Mr. Sapora said he could not be more specific about which staff positions would be cut under such measuresbecause of "protection of the privacy of staff in our library system."

Salaries for the system's 200 full- and part-time employees account for about $3.7 million of the library budget.

"The board has not come to a conclusion on what the final plans would be," said Linda Mielke, library director. "With this huge of a cut we're looking at cutting staff and hours and we may cut other services."

Mr. Sapora called the proposed staff reductions and reduced hours the "worst-case scenario." The library has never had to cut staff.

Board members are less likely to cut the library's acquisition budget because the system already had fallen behind in the purchase of new books and other materials in the past four years, he said.

"We were hoping to catch up a little and get some more acquisitions," Mr. Sapora said. "If we cut acquisitions any further, we couldn't pretend to be a functioning library.

"It's obviously a budget item that could be looked at. But once you get your doors open, you have to have something on the FTC shelf for people to pick up," he added.

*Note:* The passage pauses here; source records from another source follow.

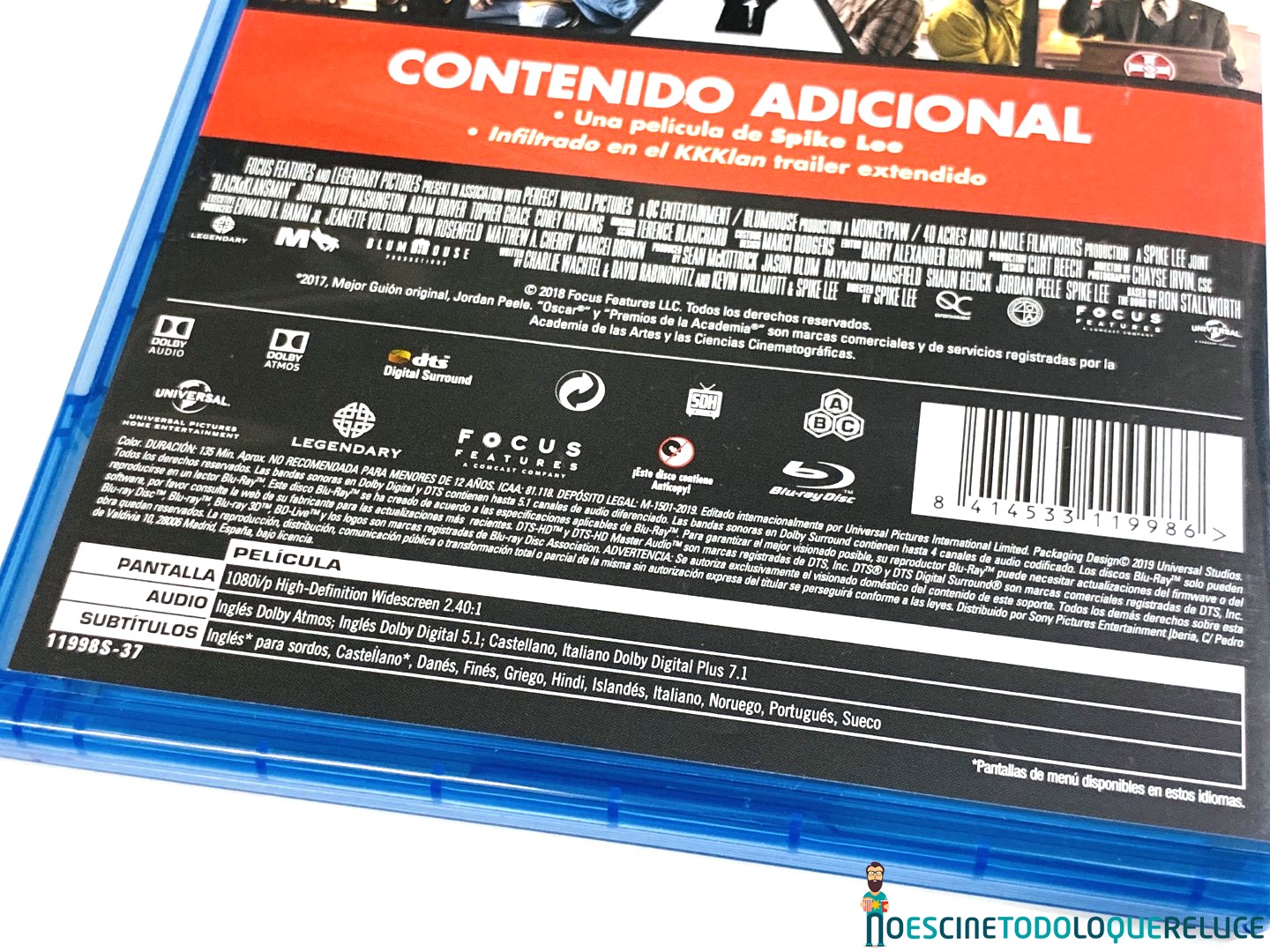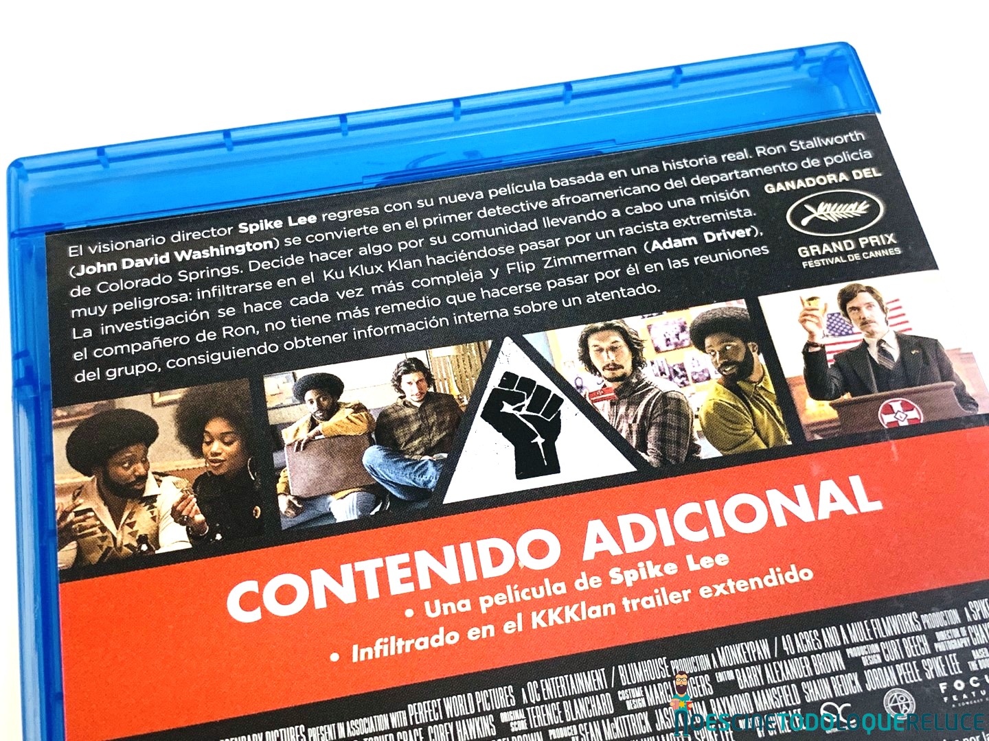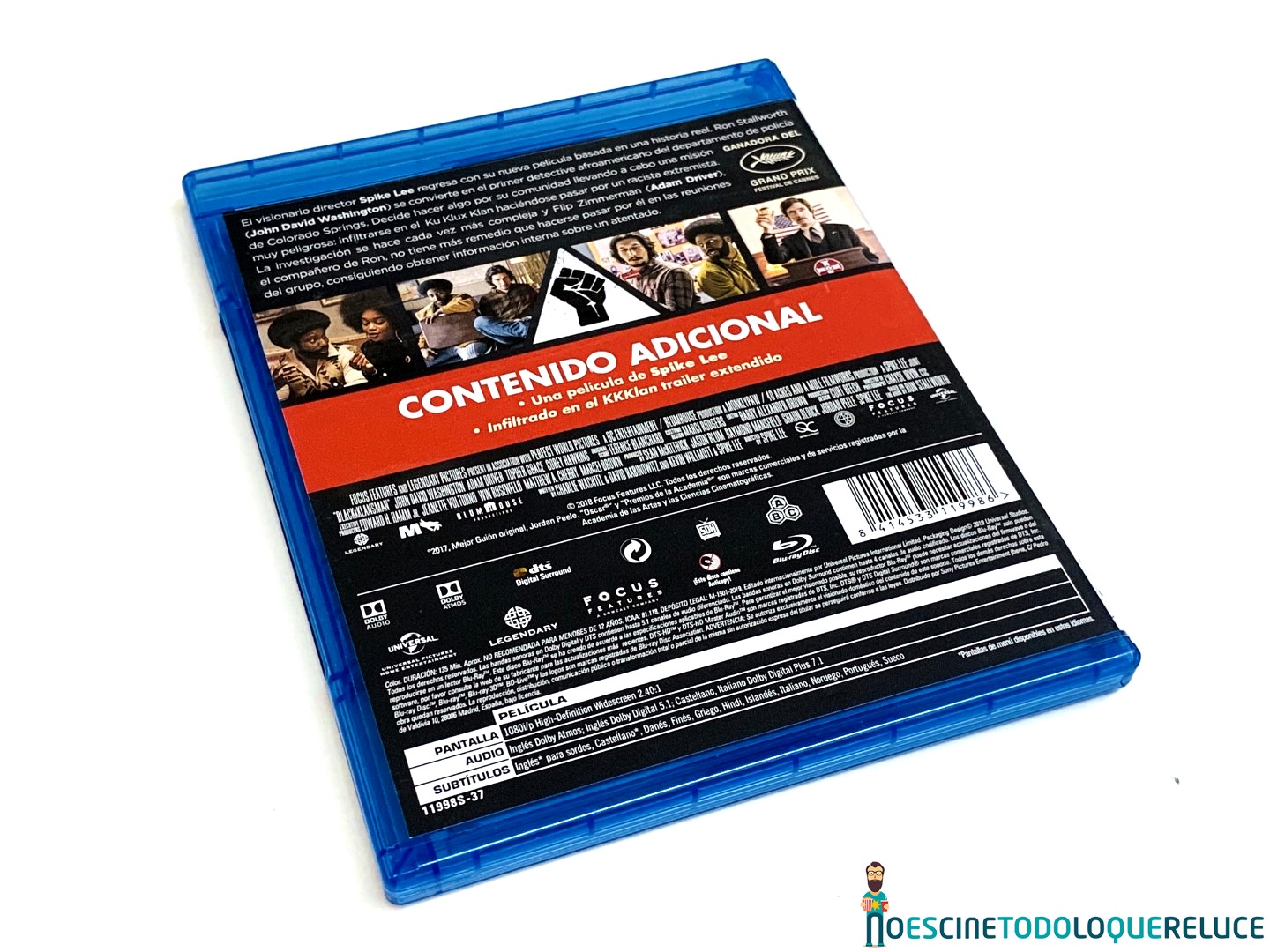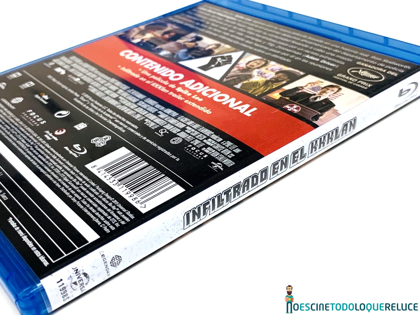 La edición Blu-ray de Infiltrado en el KKKlan está presentada en el clásico estuche azul con un póster de la película en la portada, mientras que la contraportada nos presenta una selección de imágenes de la misma junto a los datos técnicos, artísticos y sinopsis. En el interior nos encontramos el disco Blu-ray serigrafiado con una imagen del protagonista.
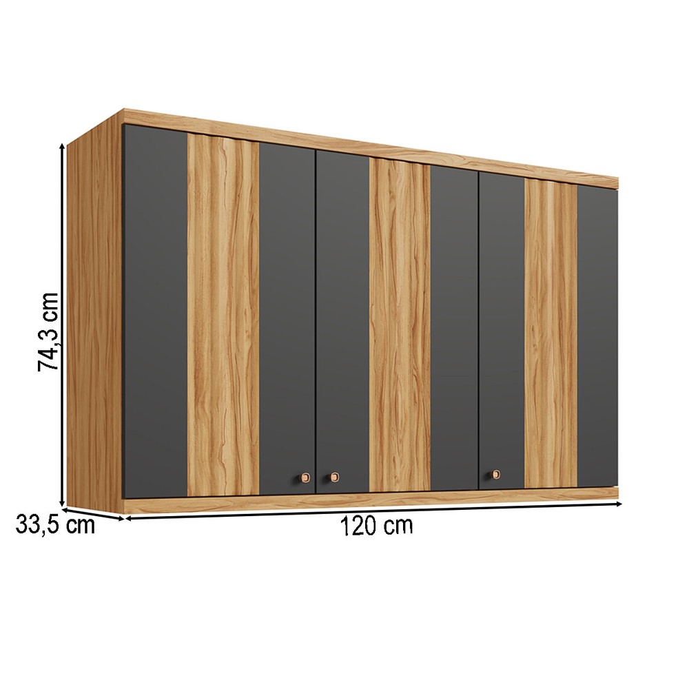 Armário Aéreo Cozinha 120 Cm Sauvignon 3 Portas 100% Mdf Amêndoa/Chumbo - Rio Doce
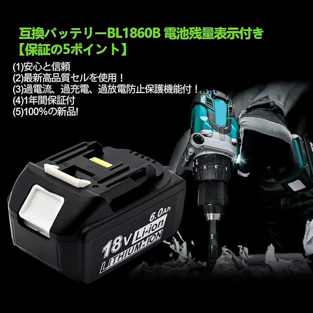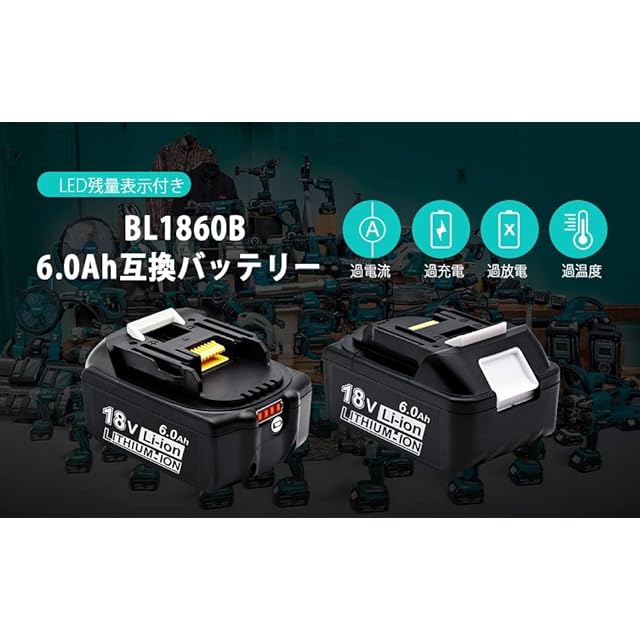 幅広く使われる: マキタバッテリー18v BL1860B 対応の機種:BL1860B、BL1850、BL1840、BL1830、BL1830B、BL1820B、BL1815、BL1815N など。このBL1860互換バッテリーはたっぶり6.0Ah 超高容量入っており、頻繁に充電する必要ないです。
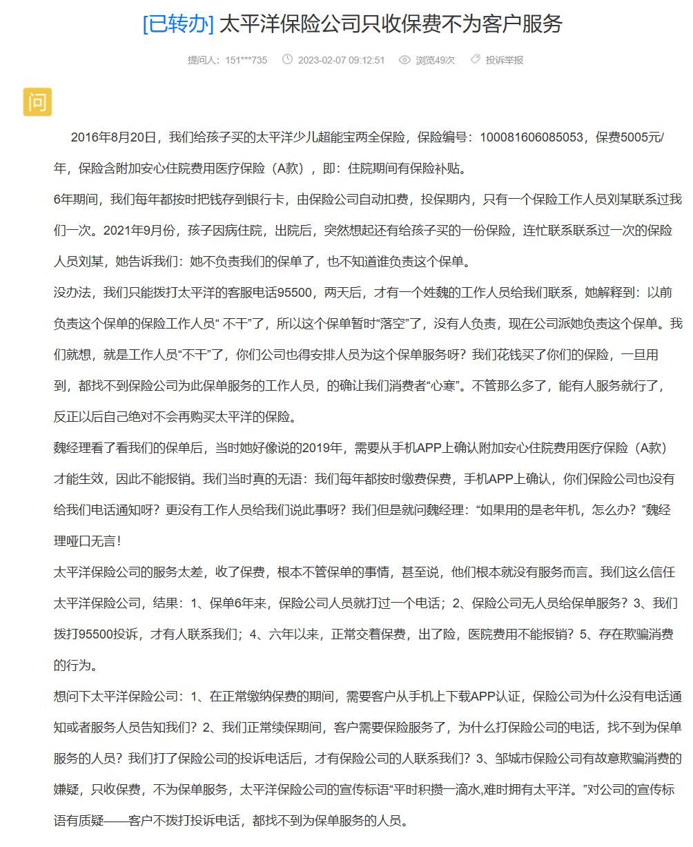想问下太平洋保险公司:1、在正常缴纳保费的期间,需要客户从手机上下载APP认证,保险公司为什么没有电话通知或者服务人员告知我们?2、我们正常续保期间,客户需要保险服务了,为什么打保险公司的电话,找不到为保单服务的人员?我们打了保险公司的投诉电话后,才有保险公司的人联系我们?3、邹城市保险公司有故意欺骗消费的嫌疑,只收保费,不为保单服务,太平洋保险公司的宣传标语“平时积攒一滴水,难时拥有太平洋。”对公司的宣传标语有质疑——客户不拨打投诉电话,都找不到为保单服务的人员。
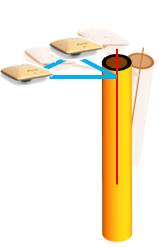2つのアンテナの位置関係より杭芯の位置を計算します。 また傾斜計を使用することで杭の鉛直性を維持する事が可能です。 |
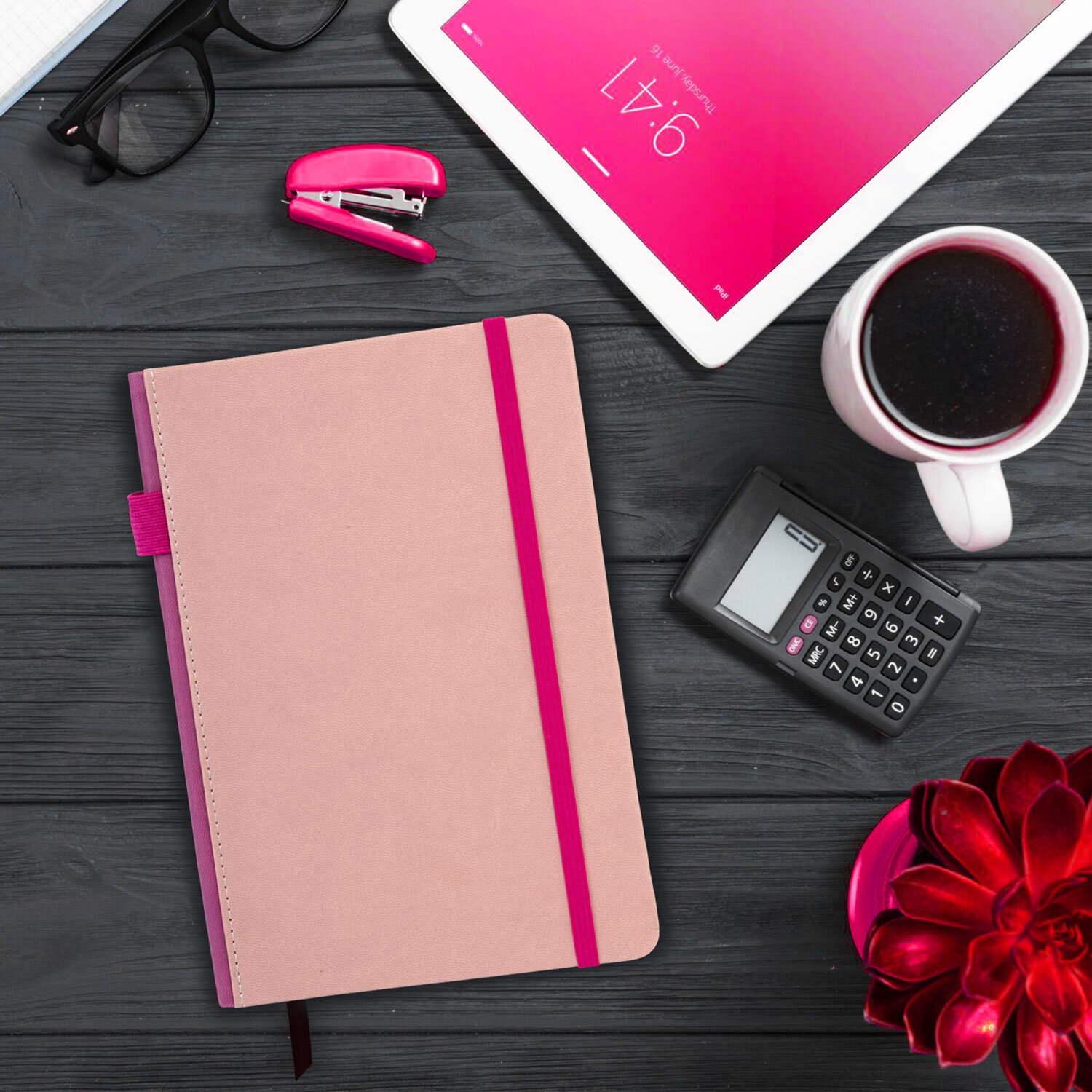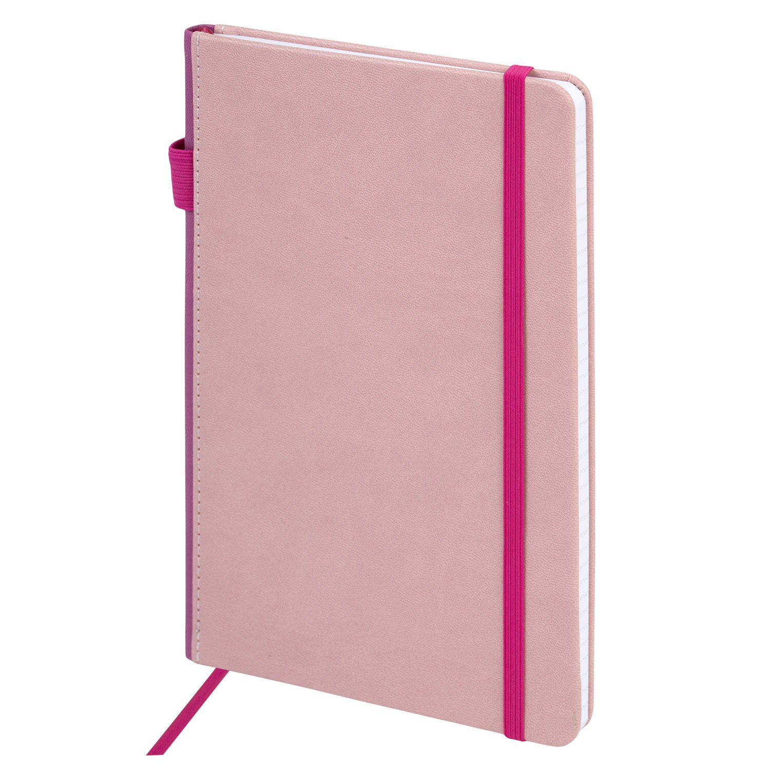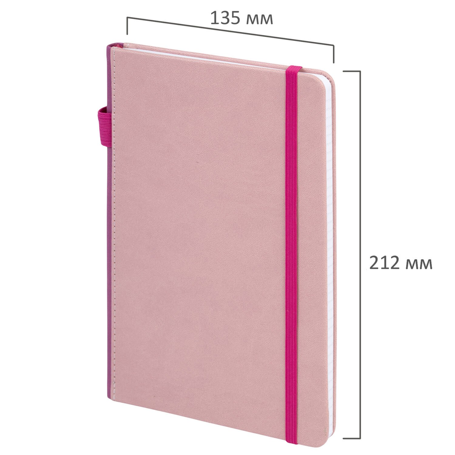 Блокнот А5 135x212мм BRAUBERG "Soft touch" под кожу, резинка, держатель, 80л клетка, розовый, 117148

To inform the public about the possible cuts, displays have been placed on service counters in all the libraries. Board members are asking patrons for their comments on the proposed cuts and library services.

"It's very sad, frustrating and depressing, but realistic," Mr. Sapora said. "As very fervent supporters of the library and the mission of the library, we're making every effort to minimize the losses."

Carroll's libraries have the highest circulation rates in Maryland. Nearly 80 percent of the county's population -- about 101,000 people -- have active library cards. Last year, 2.8 million items -- books, periodicals, cassettes, videos, compact discs and other materials -- were borrowed.